We describe the construction of a digital brain atlas composed of data from manually
delineated MRI data. A total of 56 structures were labeled in MRI of 40 healthy, normal
volunteers. This labeling was performed according to a set of protocols developed
for this project. Pairs of raters were assigned to each structure and trained on the
protocol for that structure. Each rater pair was tested for concordance on 6 of the
40 brains; once they had achieved reliability standards, they divided the task of
delineating the remaining 34 brains. The data were then spatially normalized to well-known
templates using 3 popular algorithms: AIR5.2.5's nonlinear warp (Woods et al., 1998)
paired with the ICBM452 Warp 5 atlas (Rex et al., 2003), FSL's FLIRT (Smith et al.,
2004) was paired with its own template, a skull-stripped version of the ICBM152 T1
average; and SPM5's unified segmentation method (Ashburner and Friston, 2005) was
paired with its canonical brain, the whole head ICBM152 T1 average. We thus produced
3 variants of our atlas, where each was constructed from 40 representative samples
of a data processing stream that one might use for analysis. For each normalization
algorithm, the individual structure delineations were then resampled according to
the computed transformations.

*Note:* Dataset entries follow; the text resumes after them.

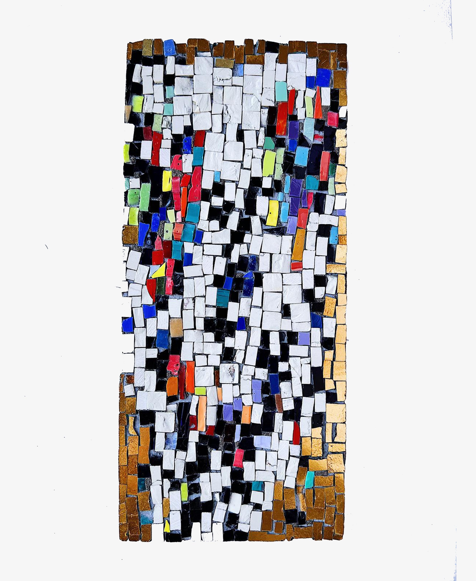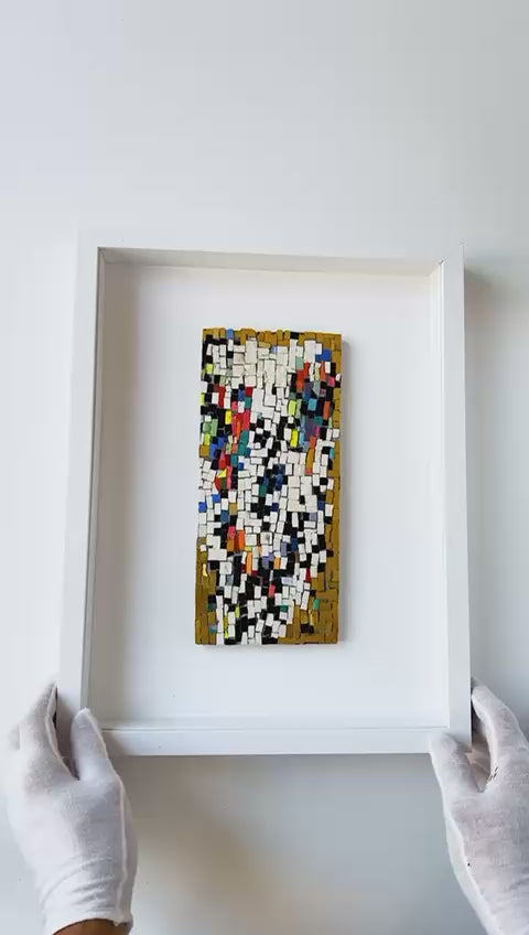Fluxion is a meditation on identity and distorted reality, where shifting fields of white, black, and sudden bursts of color suggest a self in constant flux. The irregular tesserae fracture perception, creating moments of clarity interrupted by distortion, while the gold border frames the instability within. The work reflects how identity resists fixed definition—fragmented, luminous, and perpetually in motion.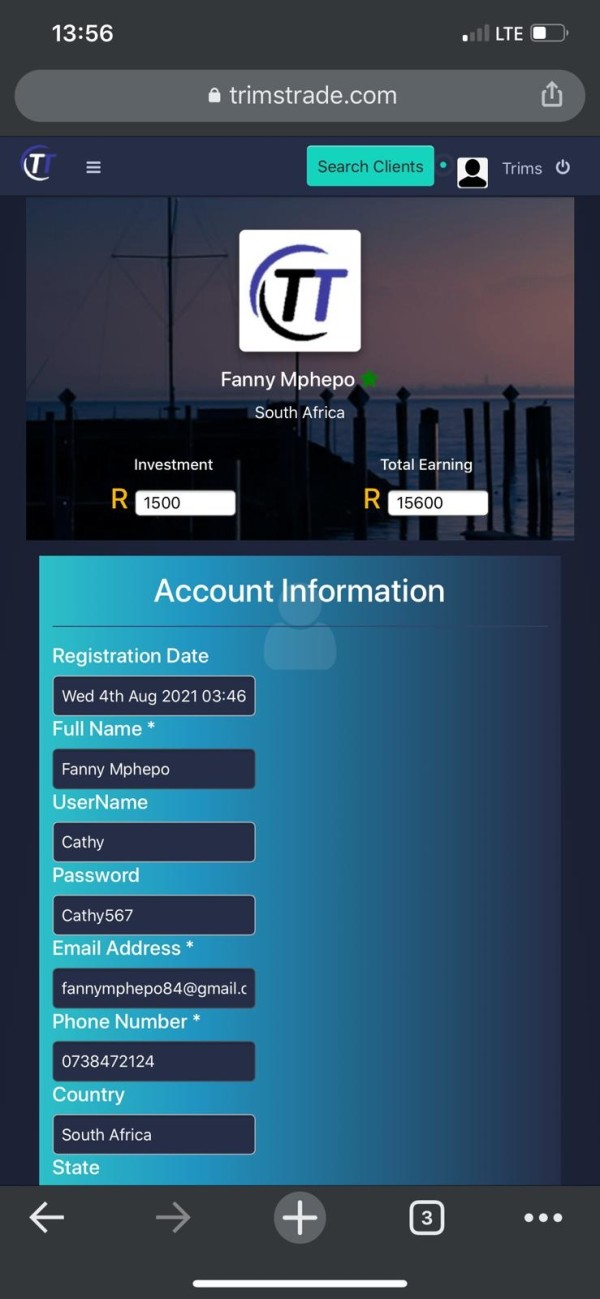 The first one she sent me a friend request on Facebook a woman with a name called Stella irensponded and she inboxed and I gave her my phone number. After alot of convincing for her ideposited the money, with hope that after 48hrs iwill get the profits, the next day after deposit she sent me amsg that my trading acc has changed to long term I must deposit the 8000 thus where isaw that this now a problem so I refused then we stopped talking ideleted everything 2wks after the ceo.
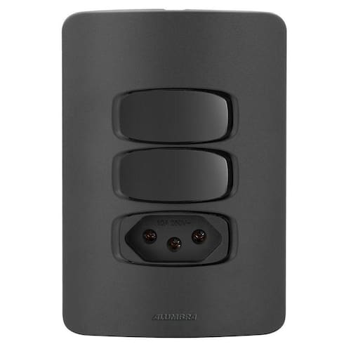 Alumbra Gracia Black Maxx - Interruptores e Tomadas Conjunto Completo Desmontado com: 2 Módulos de Interruptores Simples 1 Módulo de Tomada 10A 1 Placa para 3 módulos 4X2 1 Suporte 4X2 2 Parafusos Cor: Preto Para montar é apenas um click, apenas encaixar

We next computed averages at each voxel location to
estimate the probability of that voxel belonging to each of the 56 structures. Each
version of the atlas contains, for every voxel, probability densities for each region,
thus providing a resource for automated probabilistic labeling of external data types
registered into standard spaces; we also computed average intensity images and tissue
density maps based on the three methods and target spaces. These atlases will serve
as a resource for diverse applications including meta-analysis of functional and structural
imaging data and other bioinformatics applications where display of arbitrary labels
in probabilistically defined anatomic space will facilitate both knowledge-based development
and visualization of findings from multiple disciplines.